Mijs pointed out that during the last European Commission term, there was an increase in both horizontal and sector-specific digital policies, adding layers of complexity for the financial sector.
To address the risk that excessive regulation poses to innovation and growth, the European Commission has prioritised reducing regulatory burdens and improving competitiveness during this legislative cycle.
Mijs said that this includes the introduction of “Omnibus packages” aimed at simplifying existing rules and reducing administrative overhead.
The goal is to ensure consistent application of EU rules across all member states.
These initiatives, he says, are welcome, “especially those that seek to align regulation with competitiveness and sustainability objectives”.
However, he stressed that “the next step should involve reducing complexity in digital regulation as well”.

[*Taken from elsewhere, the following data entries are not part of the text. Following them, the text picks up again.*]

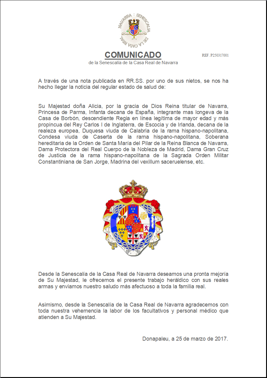 S.M. doña Alicia I fue la LII depositaria de los derechos dinásticos del Reino de Navarra y por mandato imprescriptible de sangre descendiente directa de sus reyes Enneco "Arista" [i], García Ennecones [ii], Fortún Garcés [iii], García Sánchez [v], Sancho "Abarca" [vi], García "el Tembloroso" [vii], Sancho "el Mayor" [viii], García "el de Nájera" [ix], García "el Restaurador" [xiv], Sancho "el Sabio" [xv], Teobaldo "el Trovador" [xvii], Enrique "el Gordo" [xix], Juana "de Champaña" [xx], Luis "el Hutín" [xxi], Juana "de Navarra" [xxv], Carlos "el Justiciero" [xxvi], Carlos "el Noble" [xxvii], Blanca "de Navarra" [xxviii] y Juan "el Usurpador" [xxix], Leonor "de Navarra" [xxx], Catalina "de Foix" [xxxii], Enrique "el Sangüesino" [xxxiii], Juana "de Albret" [xxxiv], Enrique "el Bearnés" [xxxv], Luis "el Justo" [xxxvi], Luis "el Grande" [xxxvii], Luis "el Bienamado" [xxxviii], Carlos "de Artois" [xliii], Roberto "de Parma" [xlv] y Elías "de Parma" [xlviii]. MATRIMONIO Y DESCENDENCIA:
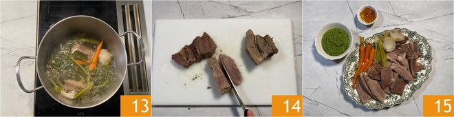 The bollito is ready 13, so drain the meat, remove the bones and cut it into pieces 14. Your bollito is ready to be served with salsa verde and mustard 15!
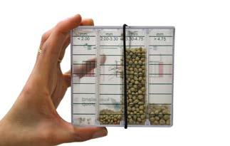The granular size distribution and quality (different size of fertiliser) can be measured with the Kverneland granule size box. The result of the granular analysis determines the letter setting of the spreader, which is used to optimise the spreading pattern in the field, in relation to the required working width.
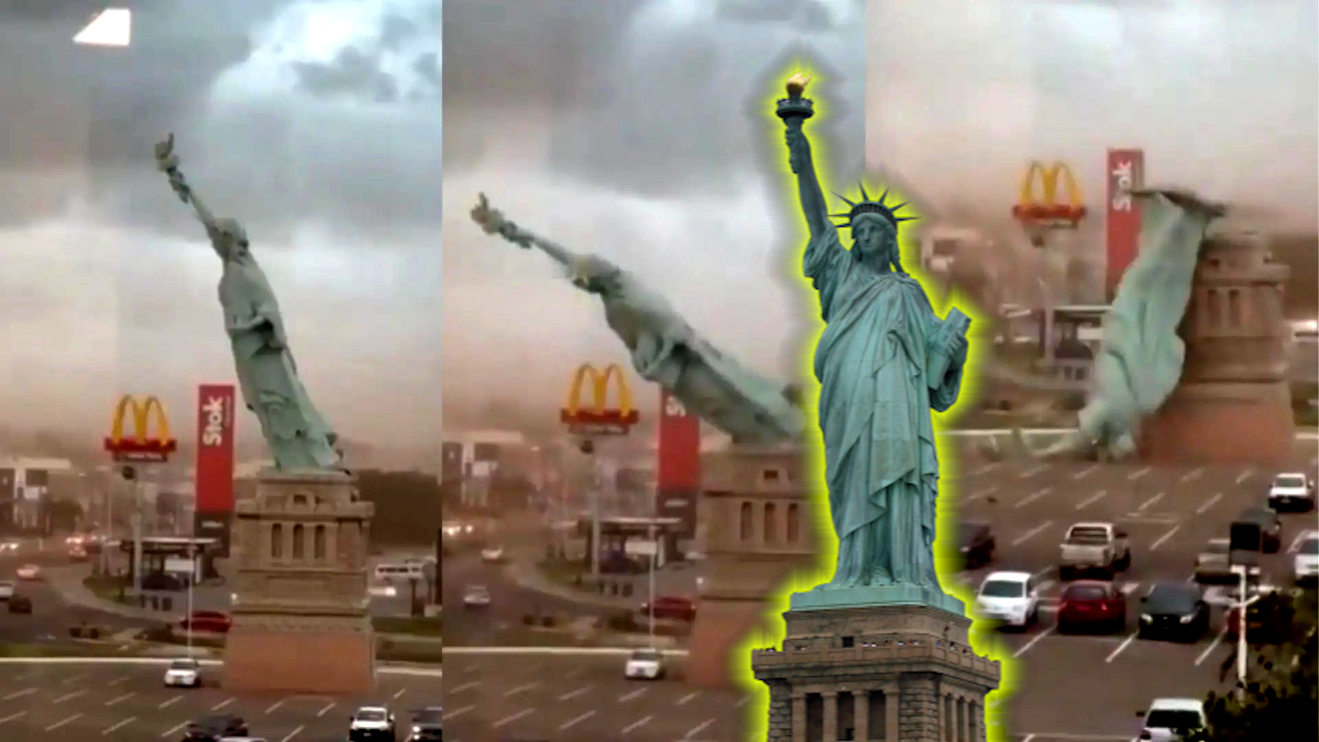 दक्षिणी ब्राजील के गुआबा में एक बड़े तूफान ने रियो ग्रांडे डो सुल में हैवन के मेगास्टोर के सामने लगी स्टैच्यू ऑफ लिबर्टी की 24 मीटर ऊंची प्रतिकृति को गिरा दिया।
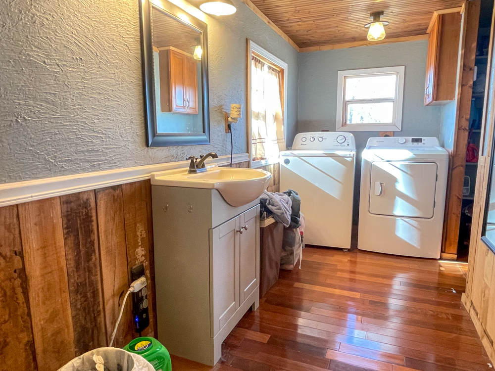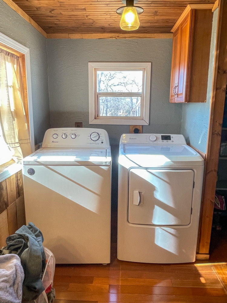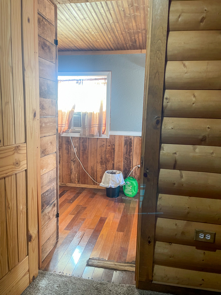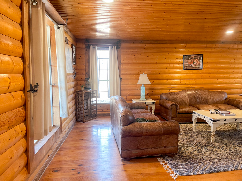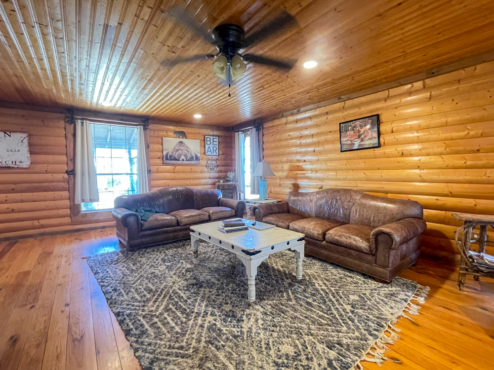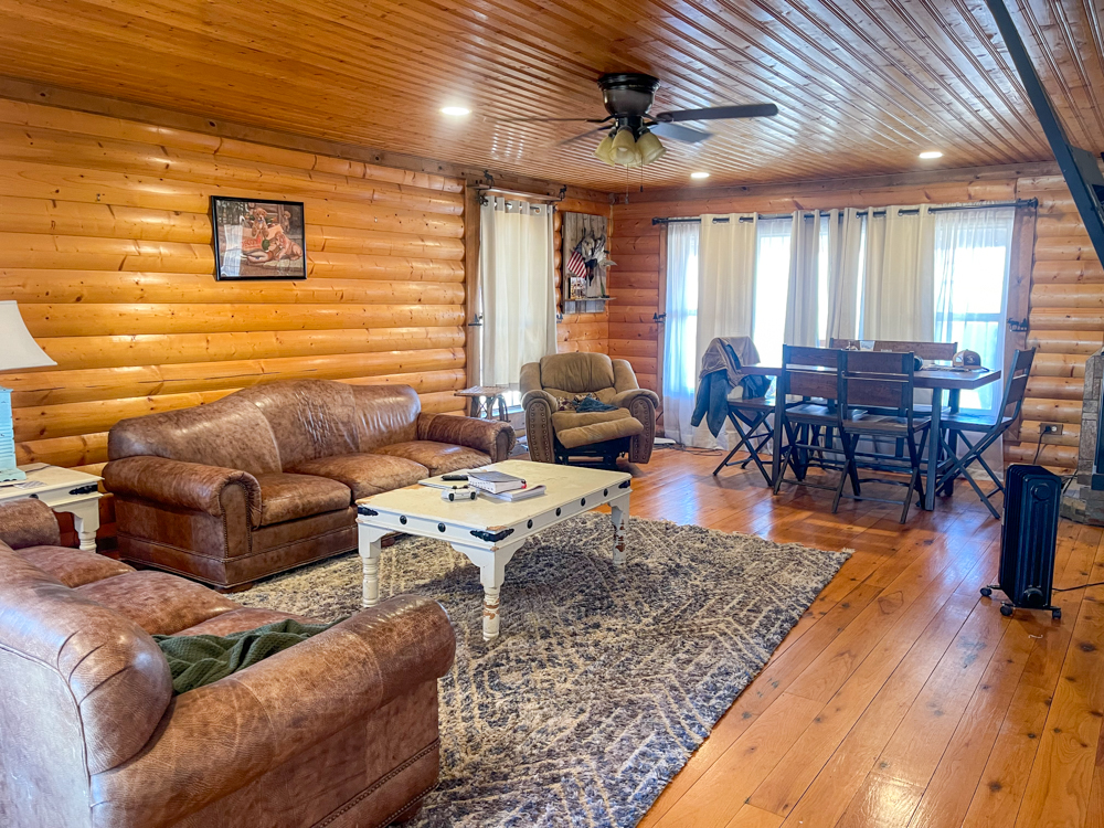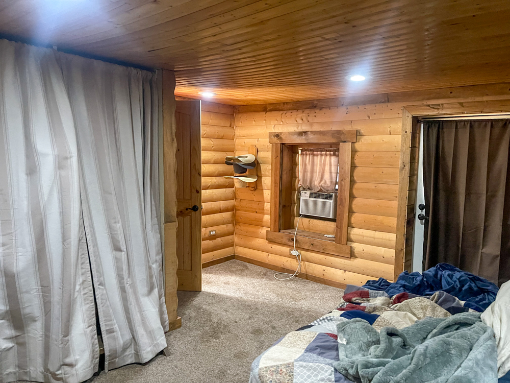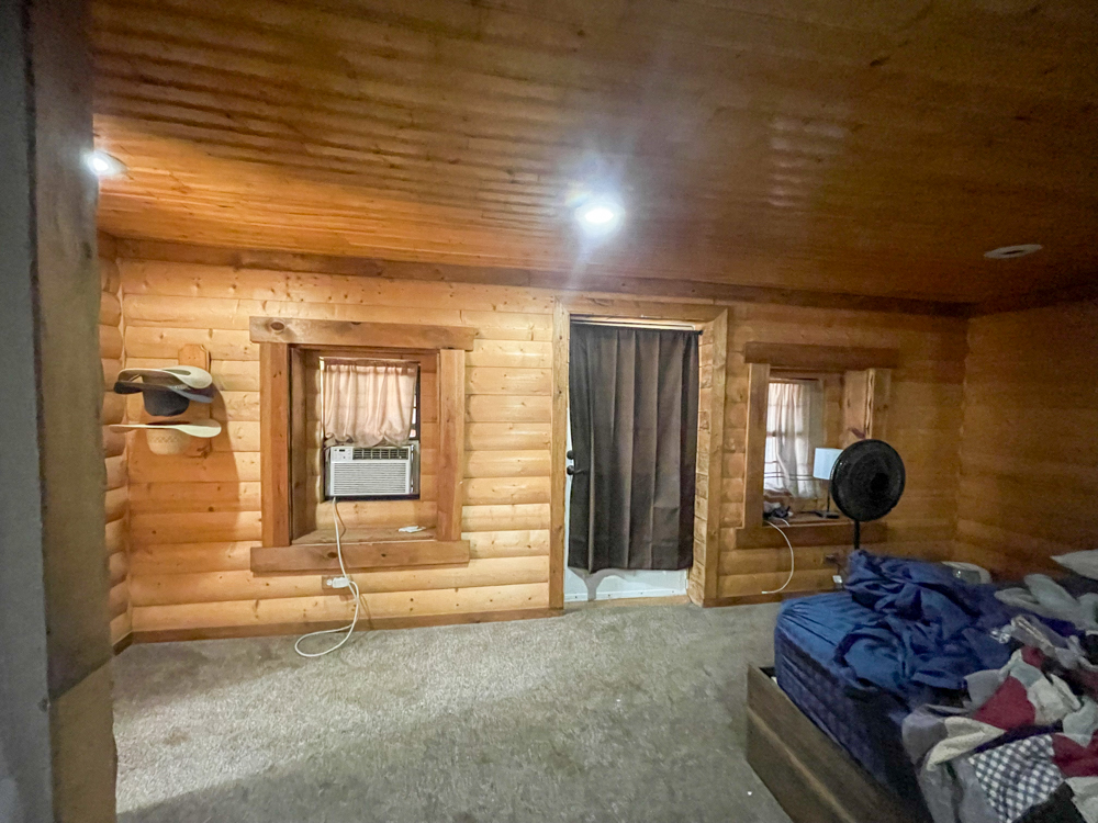 - Knotty wood throughout, metal roof, vinyl windows, basement cellar
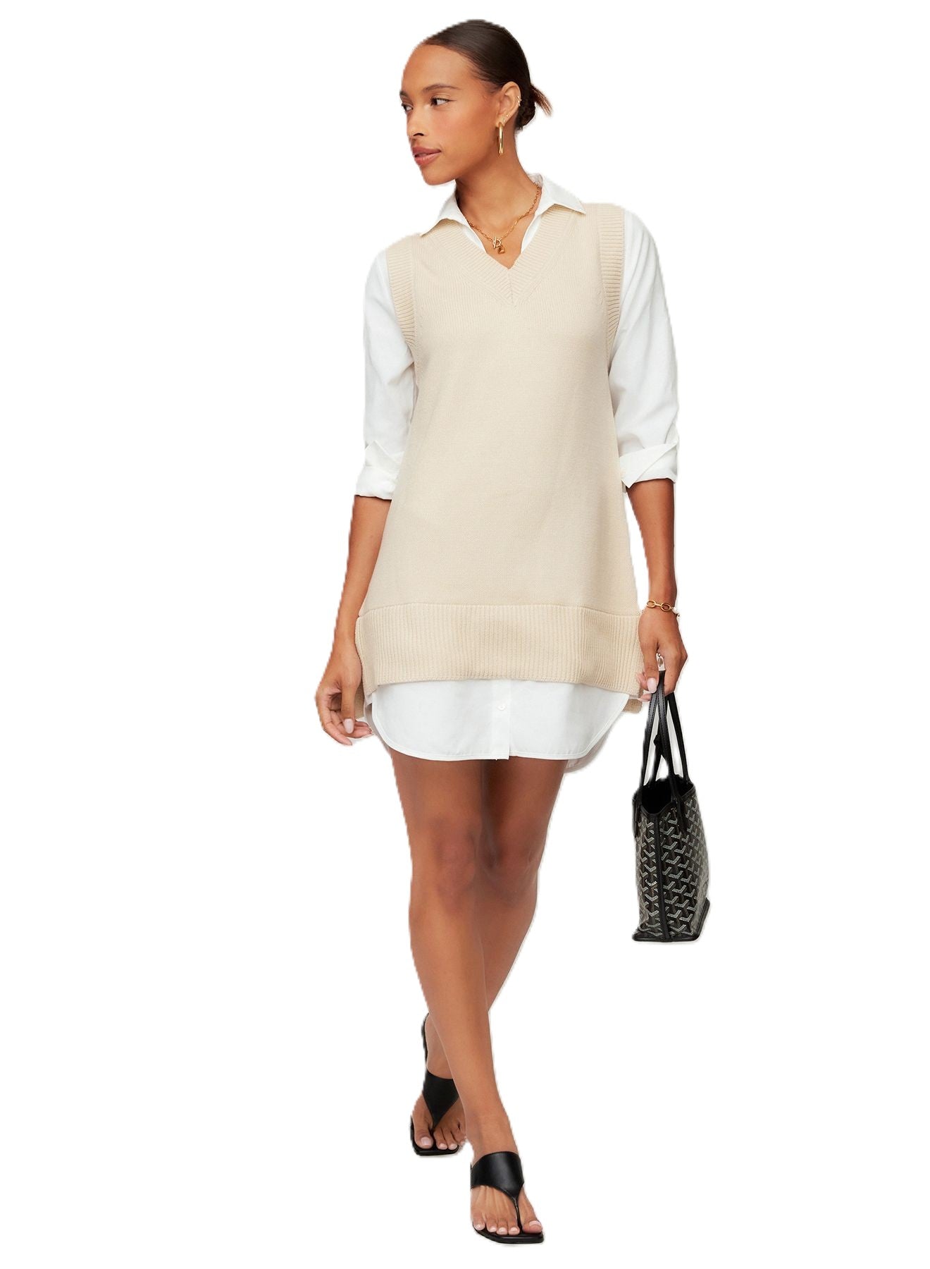 Fifteen Twenty Elora Mixed Media vest Dress - Oatmeal
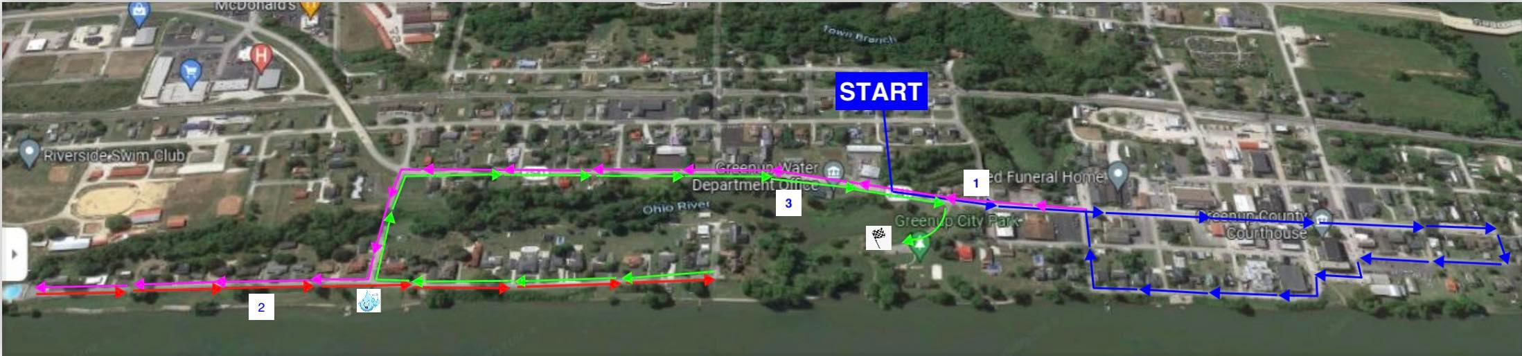 Starts and ends in the Greenup City Park. Two long scenic sections of the course run right along the river

The EBF, he added, “is focused on ensuring that new regulations and the “Omnibus packages” are designed with parameters appropriate for the entire European banking sector”.
Mijs also pointed to the adoption of the Digital Operational Resilience Act (DORA) as a positive step, as it consolidated previously fragmented regulatory requirements into a single framework.
However, shortly after DORA was adopted, the European Commission proposed the Cyber Resilience Act (CRA), aiming to strengthen the security of digital products.
Moreover, Mijs explained that the CRA does not exempt the financial sector, even though many of the products it covers are already regulated under DORA.
This has resulted in additional regulatory burdens for banks, particularly smaller institutions, creating overlapping obligations that may undermine the original goal of regulatory clarity and efficiency.
On sustainable finance, Mijs stated that banks are closely tied to the broader economy and understand that many of their clients, especially small and medium-sized enterprises (SMEs), often face data gaps and limited compliance capabilities.
While certain information is necessary to identify and manage material risks, SMEs should not fear exclusion from financing, including sustainable finance.
Finally, he stated that efforts are underway at the EU level to make sustainability reporting more accessible for SMEs.